Collected data:
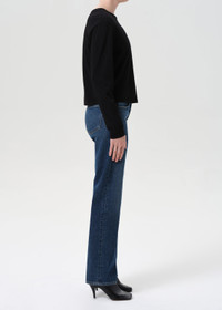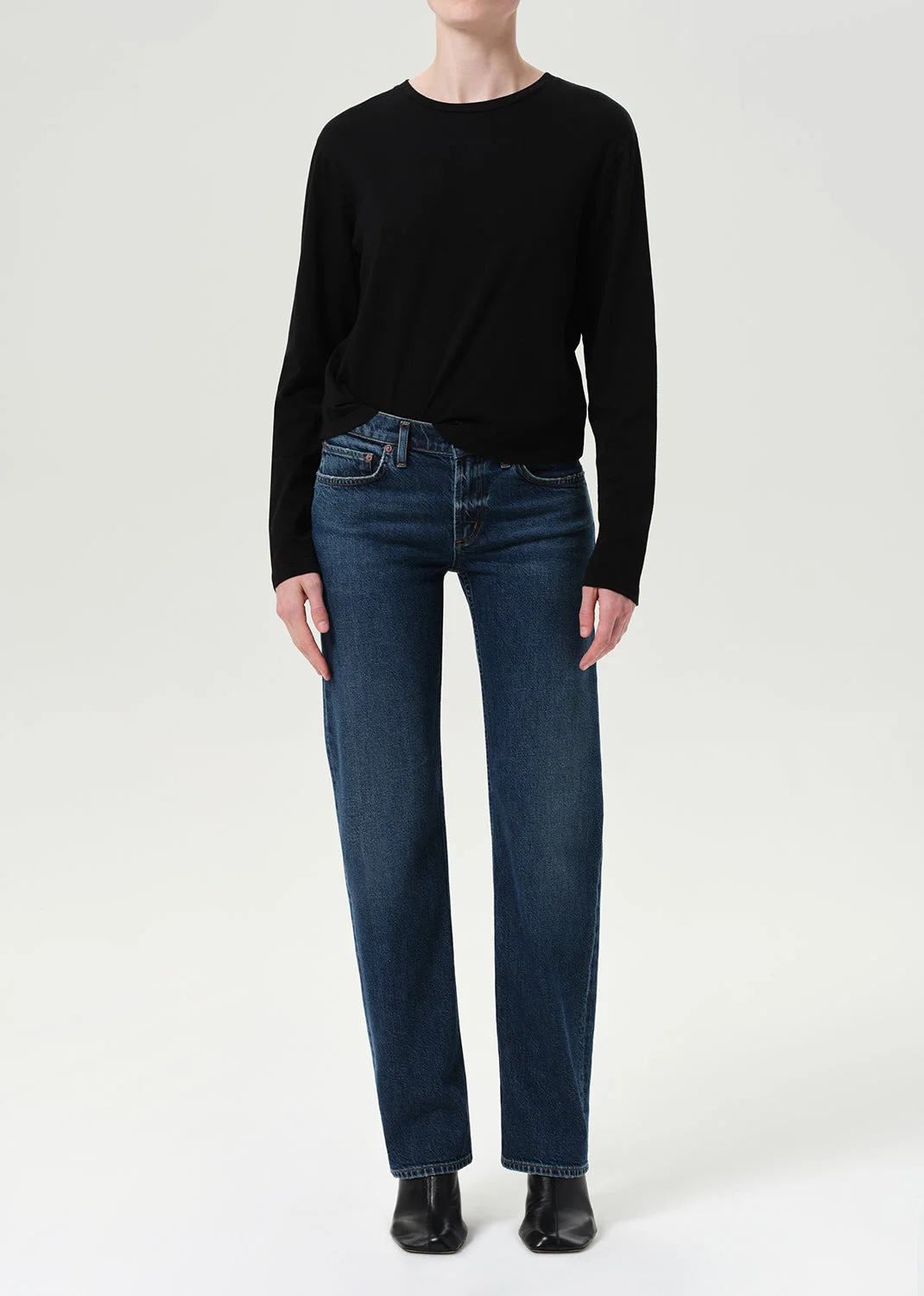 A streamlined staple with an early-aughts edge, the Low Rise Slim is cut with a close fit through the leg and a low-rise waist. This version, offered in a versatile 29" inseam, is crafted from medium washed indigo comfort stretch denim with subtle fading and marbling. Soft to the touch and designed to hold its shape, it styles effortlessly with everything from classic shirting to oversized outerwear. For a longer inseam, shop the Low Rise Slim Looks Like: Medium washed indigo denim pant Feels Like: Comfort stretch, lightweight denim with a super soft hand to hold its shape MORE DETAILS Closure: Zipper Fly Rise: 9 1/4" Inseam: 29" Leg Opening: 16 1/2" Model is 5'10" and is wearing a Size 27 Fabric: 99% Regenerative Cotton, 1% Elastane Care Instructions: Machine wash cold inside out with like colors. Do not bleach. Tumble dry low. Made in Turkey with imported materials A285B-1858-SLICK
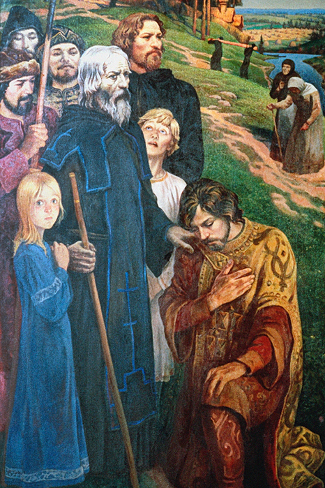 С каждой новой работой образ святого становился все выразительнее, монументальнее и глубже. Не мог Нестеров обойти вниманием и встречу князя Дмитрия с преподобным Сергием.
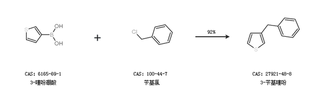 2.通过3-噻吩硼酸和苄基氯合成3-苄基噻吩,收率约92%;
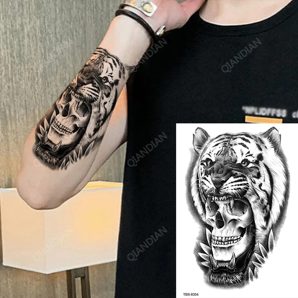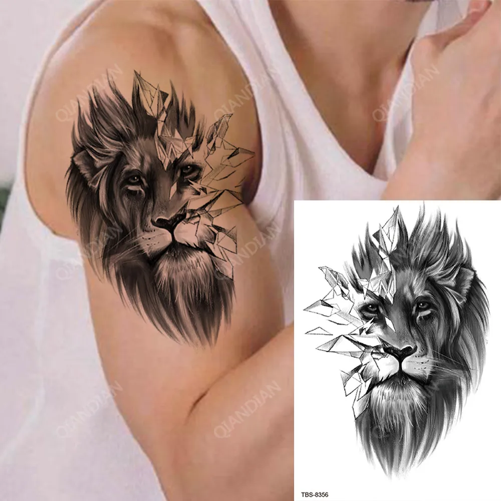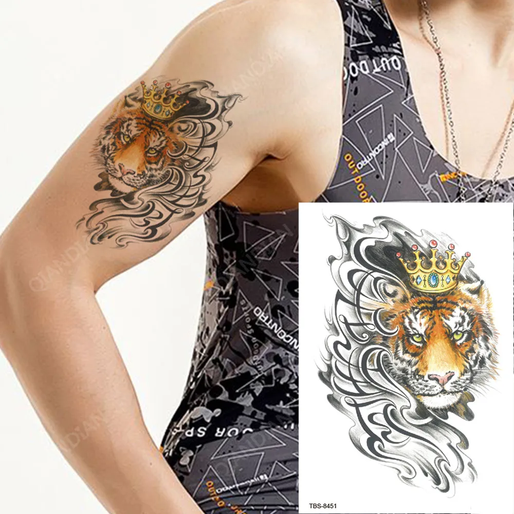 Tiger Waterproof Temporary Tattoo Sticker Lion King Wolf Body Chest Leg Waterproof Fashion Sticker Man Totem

The problem: From the line that holds "2.通过3-噻吩硼酸和苄基氯合成3-苄基噻吩,收率约92%;" down to the last line of the material above, every line is to be copied exactly, both ends included; pictures are to be omitted.

Expected answer:
 2.通过3-噻吩硼酸和苄基氯合成3-苄基噻吩,收率约92%;
 Tiger Waterproof Temporary Tattoo Sticker Lion King Wolf Body Chest Leg Waterproof Fashion Sticker Man Totem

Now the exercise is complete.